The nine gunmen change the wheel like a well-trained team of surgeons and nurses. Without a word being spoken, they split into those who pass the tools and those who perform the operation on the four-year-old manual patient, who has recently been oiled and sprayed with anti-rust. They find the right monkey wrench, take it in turns to loosen the bolts, effortlessly jack up the car, swiftly pull the spare wheel out of its hidden compartment, without even having to ask me where it is, and then put everything back into its place, professionally, seamlessly.

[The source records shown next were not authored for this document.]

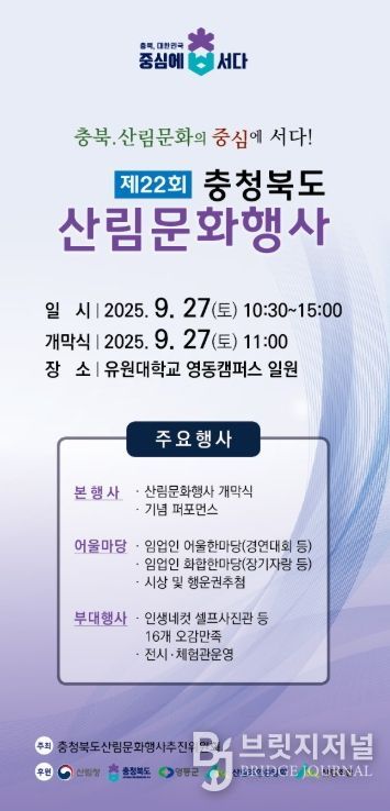 브릿지저널 김경미 기자 | 제22회 충청북도 산림문화행사가 오는 27일 오전 10시 30분부터 영동군 유원대학교 영동캠퍼스 일원(영동읍 대학로 310)에서 열린다.
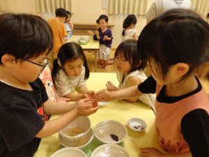 味比べでは、甘味・酸味・塩味・苦味を実際に味見しながらグループのお友だちと感想を言い合っていました。
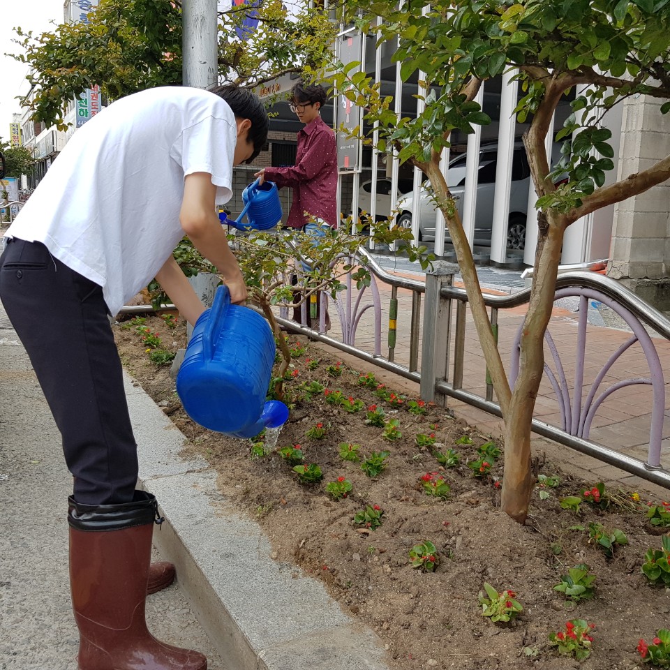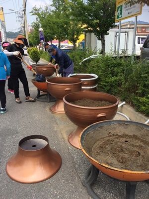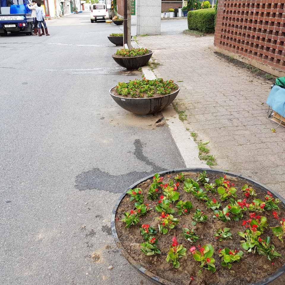 우리동은 여름철 가로환경정비를 위해 도로변 화분을 정비하였습니다.

One of the men even places a comforting hand on the hood, as his colleagues wind up the operation. Performing their tasks with warmth and care, they fondle the car with gentle slaps and caresses.
“You poor little thing, you punctured yourself.”
“Did you bump into a hole or a stone, old man, is that what you did?”
“All over now, all taken care of, little man.”
THIRTY
Here I am, wandering through the rain and darkness with an unrelated child, three pets in a jar, a small pile of documents barely worth mentioning and last, but not least, a glove compartment crammed with cash, perfect. I’ve deliberately left my mobile behind; my sole link to my immediate environment at this moment in time is the weather woman on the car radio, who is saying that the eye of a depression is now pressing all its weight on the centre of another depression.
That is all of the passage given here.